• Your goal:
Set down exactly the lines below, starting at the one that contains "2019年3月20日16:3" and ending at the one that contains "Maimeri Polycolor Acrylic", with both of those lines included and nothing else.

• Material for this exercise:
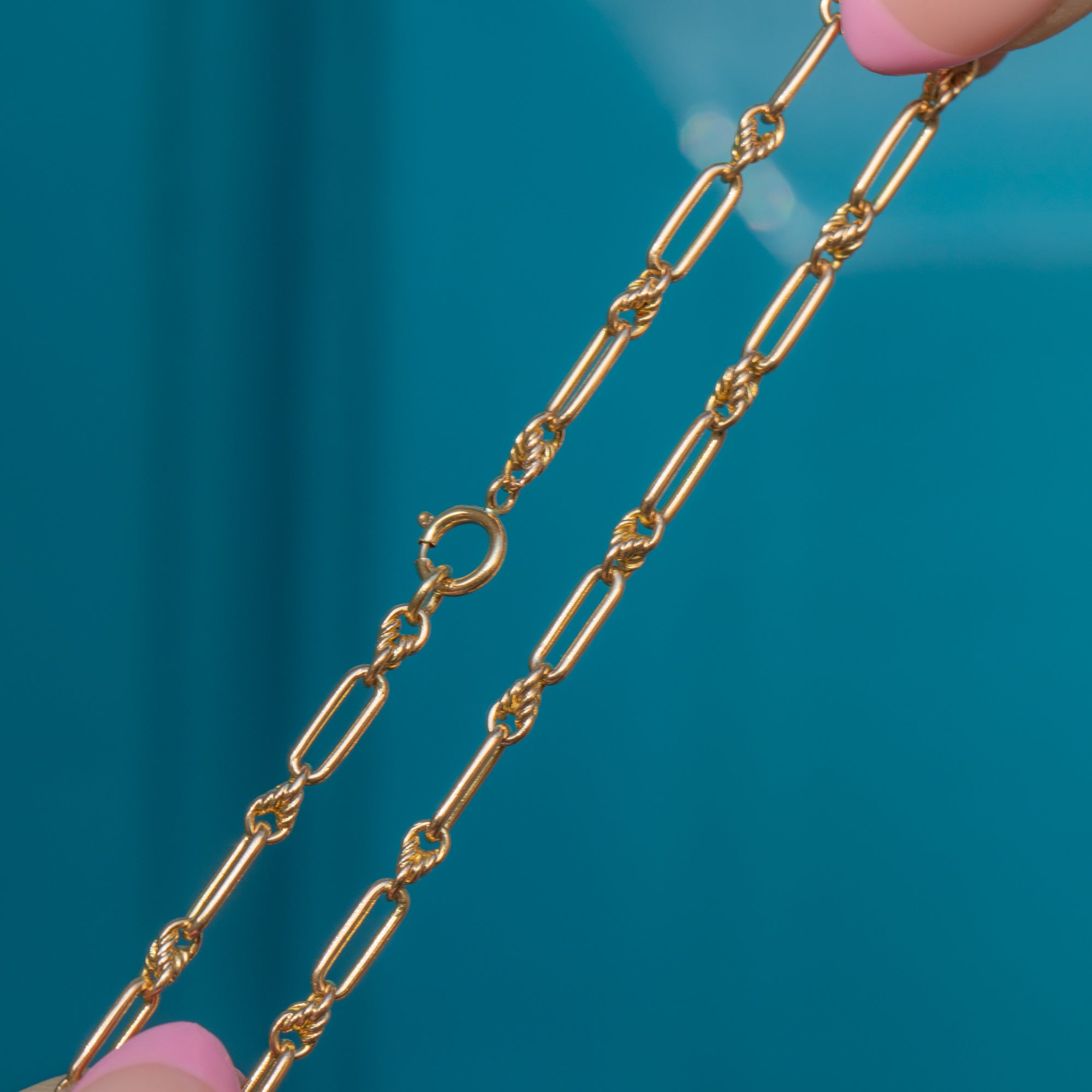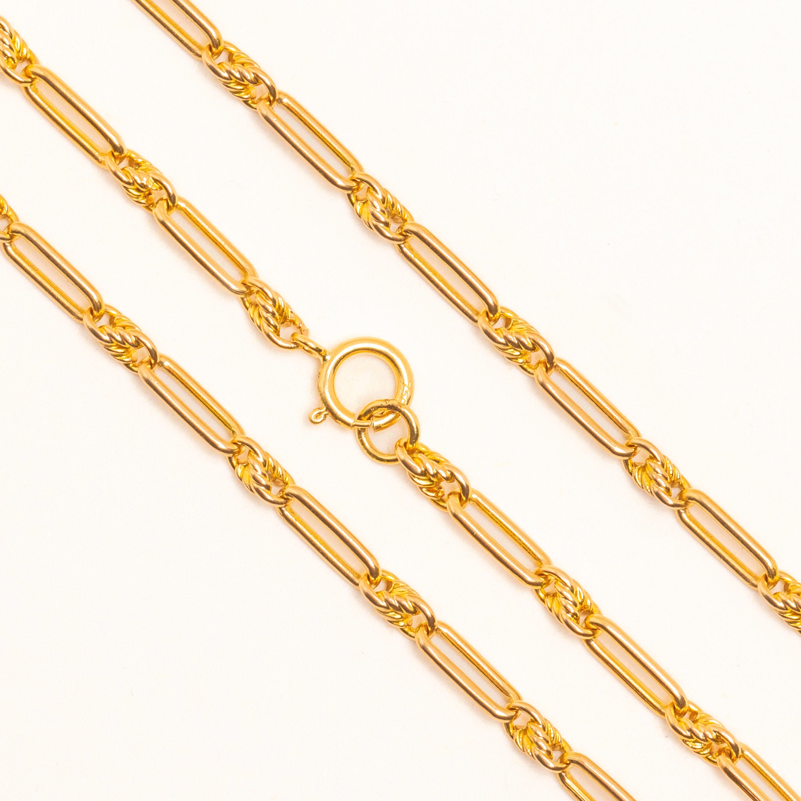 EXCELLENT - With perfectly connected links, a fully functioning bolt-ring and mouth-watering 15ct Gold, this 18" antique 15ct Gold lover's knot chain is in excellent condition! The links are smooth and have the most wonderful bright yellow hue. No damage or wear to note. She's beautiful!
--
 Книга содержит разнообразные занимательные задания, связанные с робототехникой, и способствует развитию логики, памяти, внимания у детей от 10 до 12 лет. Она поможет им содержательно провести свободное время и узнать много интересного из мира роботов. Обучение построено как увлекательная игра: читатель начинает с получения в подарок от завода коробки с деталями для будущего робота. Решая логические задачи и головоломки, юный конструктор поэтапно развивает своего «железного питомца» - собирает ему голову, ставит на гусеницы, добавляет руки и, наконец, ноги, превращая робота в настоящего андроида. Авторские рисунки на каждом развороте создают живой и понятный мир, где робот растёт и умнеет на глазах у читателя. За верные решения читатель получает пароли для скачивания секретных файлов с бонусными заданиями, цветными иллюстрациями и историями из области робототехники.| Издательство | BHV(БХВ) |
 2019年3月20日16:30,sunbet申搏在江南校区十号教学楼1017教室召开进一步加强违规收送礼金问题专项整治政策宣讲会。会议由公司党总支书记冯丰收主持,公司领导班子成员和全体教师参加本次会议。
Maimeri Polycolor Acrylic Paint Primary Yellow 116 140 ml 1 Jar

• Exercise answer:
 2019年3月20日16:30,sunbet申搏在江南校区十号教学楼1017教室召开进一步加强违规收送礼金问题专项整治政策宣讲会。会议由公司党总支书记冯丰收主持,公司领导班子成员和全体教师参加本次会议。
Maimeri Polycolor Acrylic Paint Primary Yellow 116 140 ml 1 Jar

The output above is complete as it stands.